「老不死的你說話當心點啊!」一個嘍囉指著老漢說道。
「怎樣啊?!」老漢一摔碗,順手抄起一把菜刀來,「搞我啊?!」
「好了好了……」領頭的老友擺擺手,「我們已經收了保護費,按照規矩不能找他麻煩,今天就只收個「吃麵費」。」
我確實有些不理解。
時代是變了,變得我看不懂了。
收店家保護費我尚能理解,可是「保護」呢?
如今不僅不保護,甚至還準備問食客要錢。
「你們跟誰的?」我問道。
「怎樣啊?要找我大哥?」老友拍了一下桌子,「你算老幾啊?你又是混哪裡的?」
「我混哪裡的?」
聽到這句話我真的坐不住了,旺角是榮爺的地盤,這裡居然有人不識得我嗎?
見到我要起身,滾友亮趕忙攔住我:「別別別.….…勁哥,交給我,我能處理!」
只見他從口袋裡掏出一把零錢,數出二百塊,交給了對方。
「各位大哥見諒,我們吃完就走啦!」
老友收了錢,笑眯眯的拍了拍滾友亮的臉:「識相啊!」
我自知出來不足三個小時,還是不要惹事的好,況且強龍不壓地頭蛇,所以並未阻攔滾友亮,只能由他去吧。
可誰知那老友收了錢並未走,又開口說道:「飲湯費呢?你們不僅吃了面,還飲了湯,飲湯費每人五百。」
「啊..…?」滾友亮賠笑道,「大哥,我們哪有那麼多錢啊,能不能給個面子啊......下次收?」
我將筷子放下,緩緩站起身來,眼下的情況已經不是滾友亮能處理的了。
「勁哥勁哥!」滾友亮走過來拉住我,「我能處理...」
「做什麼?要動手?」老友將滾友亮推到一邊,對我說道,「看你的眼神像是不服啊。

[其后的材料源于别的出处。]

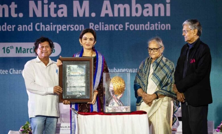 मानवता और सेवा की मिसाल: नीता एम अंबानी को भुवनेश्वर में ह्यूमैनिटेरियन अवॉर्ड 2025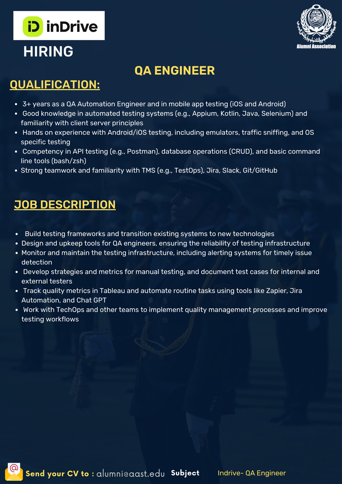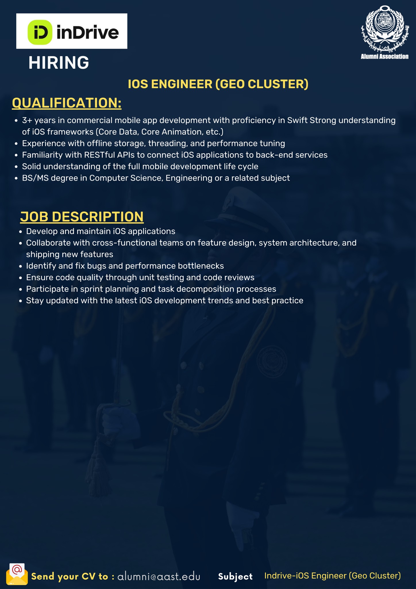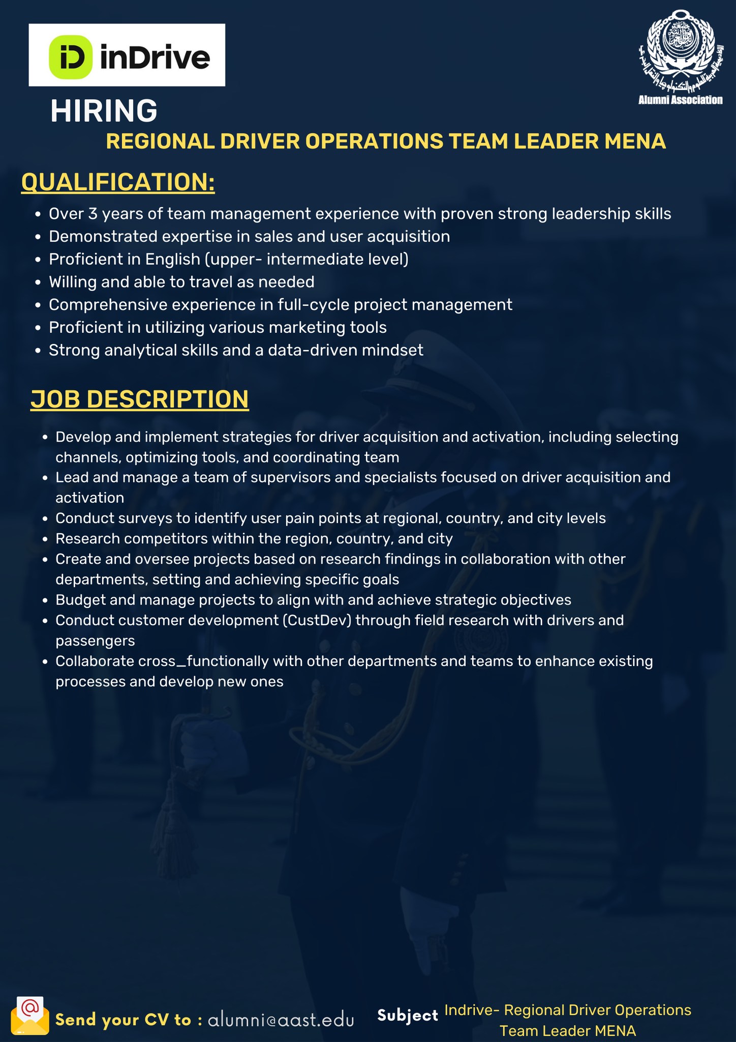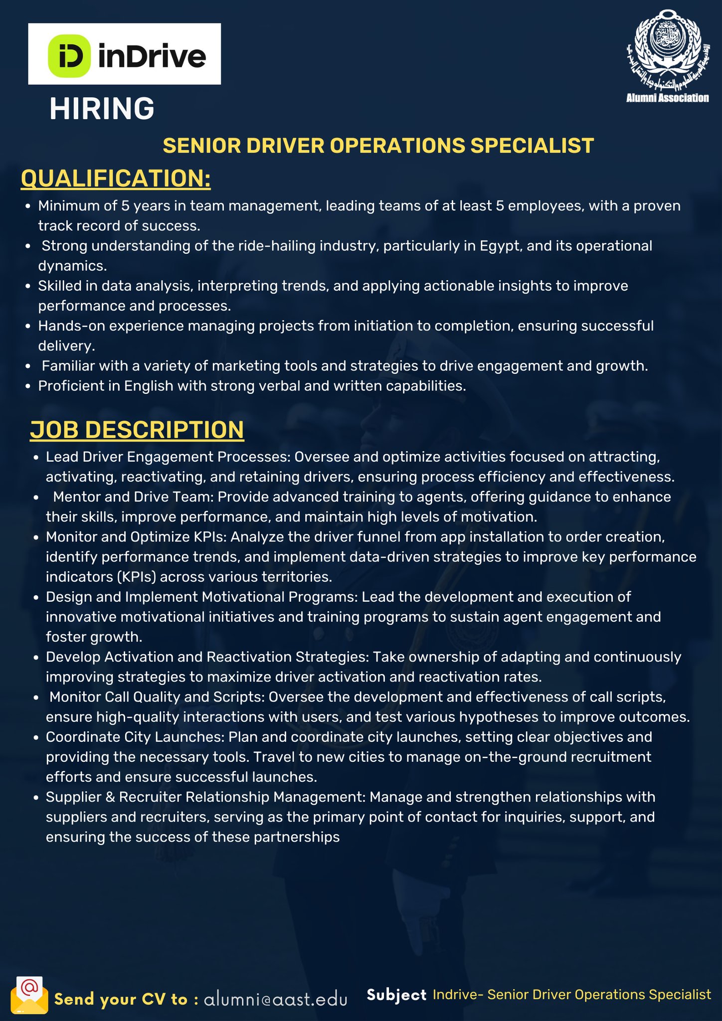 Attention AASTMT Graduates! In Drive is looking for talented graduates to fill a number of exciting new opportunities!Here are the open positions:Back end EngineerQA EngineerEngineering ManagerRegional Driver Operations Team Leader MENADrivers Marketing Team Leader EMEAiOS Engineer (Geo Cluster)Senior Driver Operations SpecialistFinancial ControllerSenior Business Development SpecialistTo apply, simply send your CV to Alumni@aast.edu with the subject line and the position you are applying for. Share:

」
「店家,一張桌椅多少錢?」我問。
「看你怎麼用了。」老漢說道,「你自己撞壞的收一萬,那四個雜種撞壞的不要錢。」
「那你可能要虧了。」
我根本沒有料到放倒這幾個人竟然只用了十秒。
不,確切來說是八秒半。
他們看起來像是從未經歷過幾十個人廝殺的實戰,難道這個時代只需要唬人就可以賺錢嗎?
「大哥……別打了……」老友哀嚎著向我求饒,「我錯了……你到底是哪條道上的.....」
「我不管你們是誰的人,告訴你們大哥,缽蘭街阿勁回來了,有什麼問題讓他親自跟我談,我照單全收。」
我看到滾友亮聽到這句話後立刻露出慌亂的表情,我腦子不聰明,不知道他在想什麼。
「阿勁……」老友聽後愣了半天,「你是賭鬼榮手下的那個四二六紅棍?」
他的臉上露出了意味深長的表情,隨即一句話未說,和其餘幾人站起來跑走了。
「勁哥...…慘了……」滾友亮著急的看了看那幾人跑走的方向,回頭對我說道,「你回來的訊息瞞不住了,快去大陸避一避吧!」
「避?」我十分不理解,「我有什麼可避的?帶我去見榮爺。」
難道我替榮爺蹲苦窯,蹲出罪過來了?
我太笨了,根本想不通其中的緣由。,
「你見不了榮爺了!」滾友亮著急的說,「勁哥,榮爺拿了幫裡的錢,和九哥一起跑路了!」
「什麼?」這句話像晴天霹靂一般炸入我的腦海,「榮爺偷了幫裡的錢?」
「榮爺拿了二百萬,現在全幫都在追殺他!」
聽到這句話,我慢慢的坐了下來。
鬼扯。
九仔和榮爺在一起,怎麼會做出這麼傻的事情?
從我小時候起,榮爺就把一句話掛在嘴邊——「阿勁,阿九,你們一人是拳頭,一人是大腦,對我來說缺一不可。」